如何爬取动态数据,就是ajax请求的数据
比如说在代码中
<html>
<head>
<title>开课课程信息</title>
<meta name="GENERATOR" content="Microsoft FrontPage 3.0">
</head>
<frameset border="false" frameborder="0" rows="30,*">
<frame name="header" scrolling="no" noresize target="frmCourMain" src="akcjj.asp" marginwidth="0"
marginheight="0">
<frame name="frmCourMain" src="akechengdw.asp" scrolling="auto" target="frmCourMain">
<noframes>
<body>
<p>This page uses frames, but your browser doesn't support them.</p>
</body>
</noframes>
</frameset>
</html>
从代码中可以看出来源的数据是框架的akechengdw.asp,但是如何爬取这样的数据
巴扎黑2017-04-17 15:40:59
If it is data requested by ajax, there are generally two ideas.
1. It is a simulated browser to access.
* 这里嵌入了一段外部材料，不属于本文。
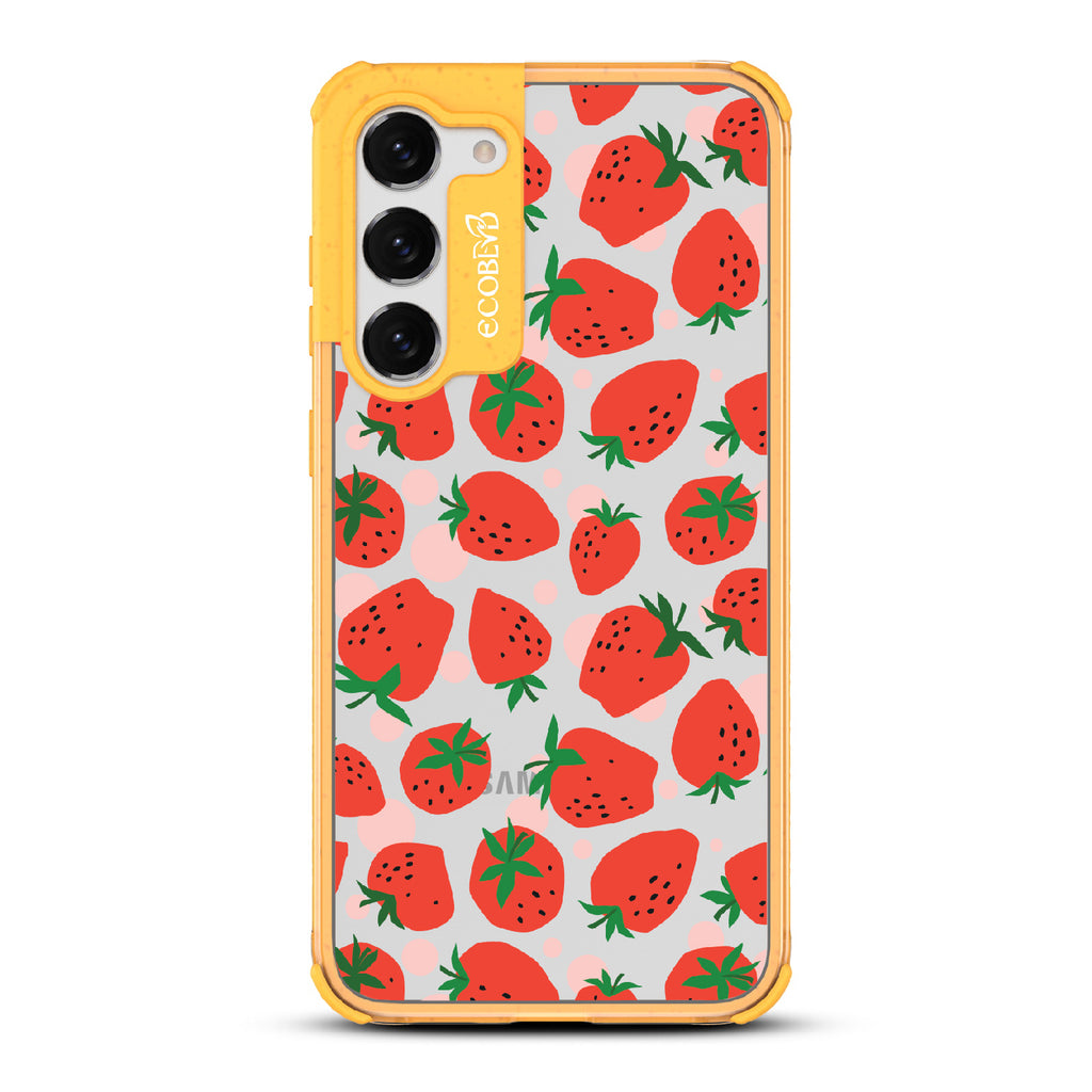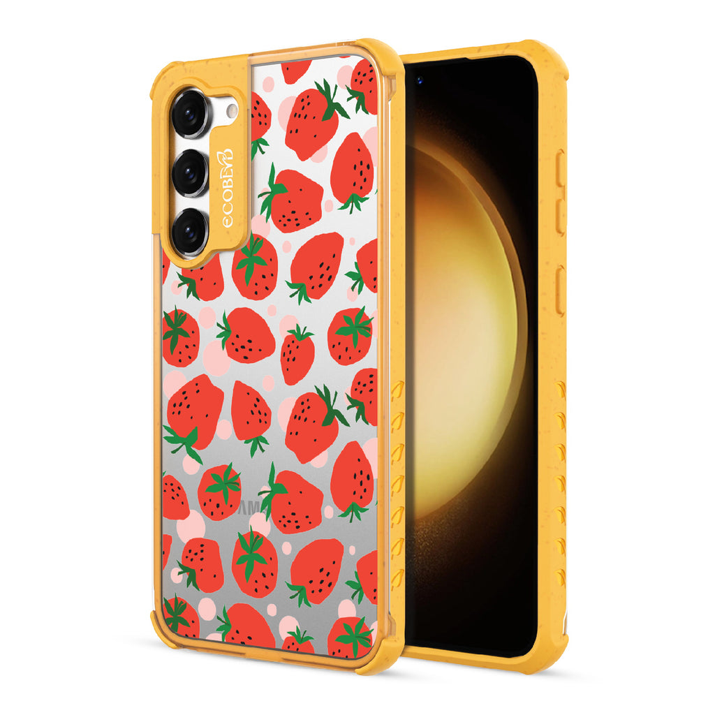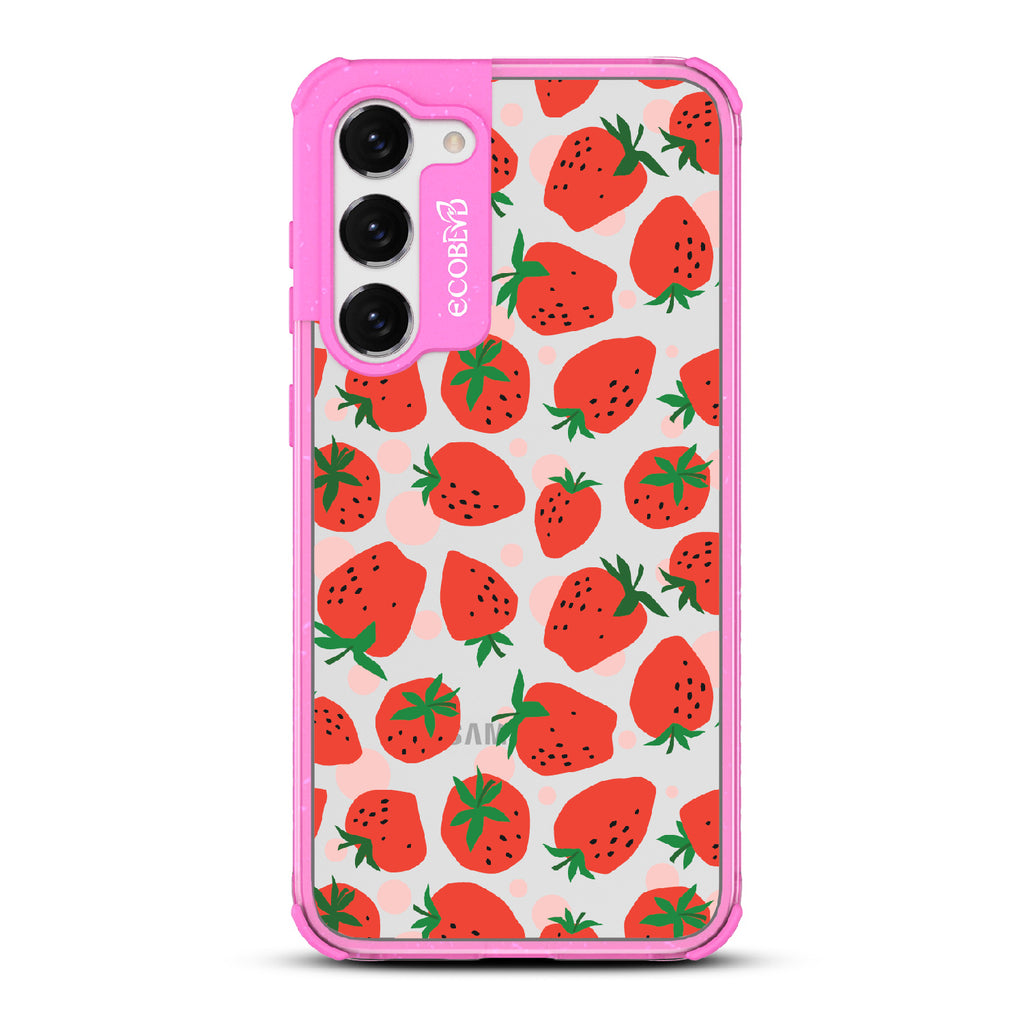 Prepare to pluck the freshest style with the Strawberry Fields design on our Laguna clear Galaxy S23 case. As a juicy tribute to the vibrant flavors of summer, this design evokes the allure of ripe strawberries. This delightful fruit can transform your phone into a ripe treasure showcasing its beauty and taste. Get in on the berry-licious vibes and let the Strawberry Fields design be your ripe companion wherever you go.

Specifically, you can use Google to simulate the browser crawler keyword, but you still have to practice it yourself.
2. Find the relevant interface, crawl the interface, and pay attention to some request headers.
巴扎黑2017-04-17 15:40:59
F12 looks at the ajax request, just pay attention to disguise it, such as user agent, referrer and so on.
If you need login permission, just add a cookie to identify the user. You can try it one by one.
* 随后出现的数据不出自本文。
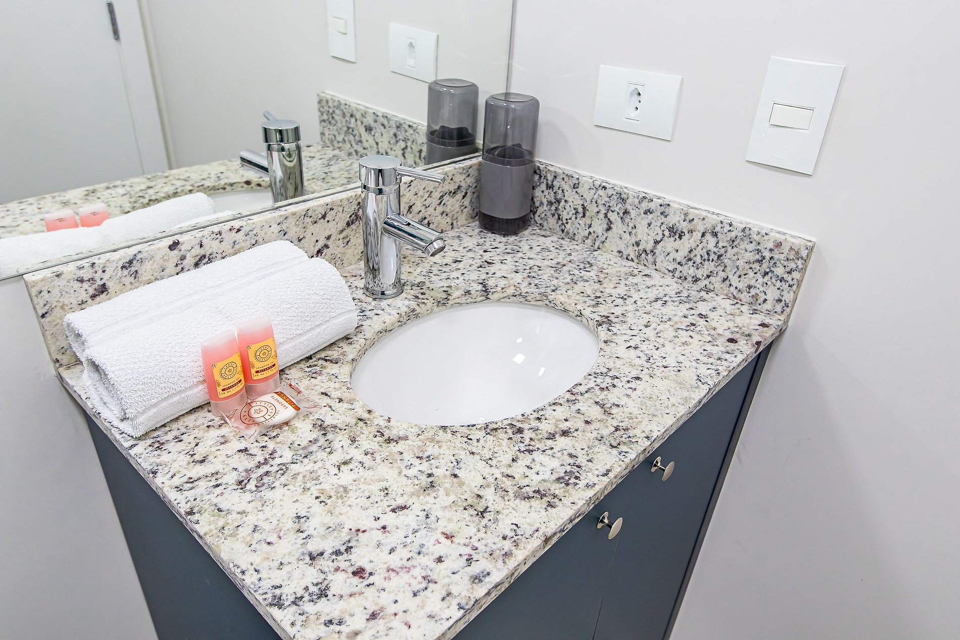 Durante a sua estadia não temos serviço de quarto e nem fazemos a reposição dos itens da sua unidade como: shampoo, condicionador, sabonete, papel higiênico, pano de prato, esponja e detergente de louça, além de pilhas do controle remoto, ar-condicionado e da fechadura eletrônica. A reposição destes itens é de responsabilidade do hóspede titular da reserva.

If there is a CSRF defense mechanism, just find the hidden CSRF token and attach it to it.
阿神2017-04-17 15:40:59
Two ideas to supplement the one above
To simulate a browser, you can generally use some headless broswer. For Node, there are some packages, such as https://github.com/amir20/pha...
PHP中文网2017-04-17 15:40:59
At least post a url. I suggest you go to Baidu first and look up "The Art of Questioning". Don't talk so much. It's all just talk. When you ask questions, you have to let others understand.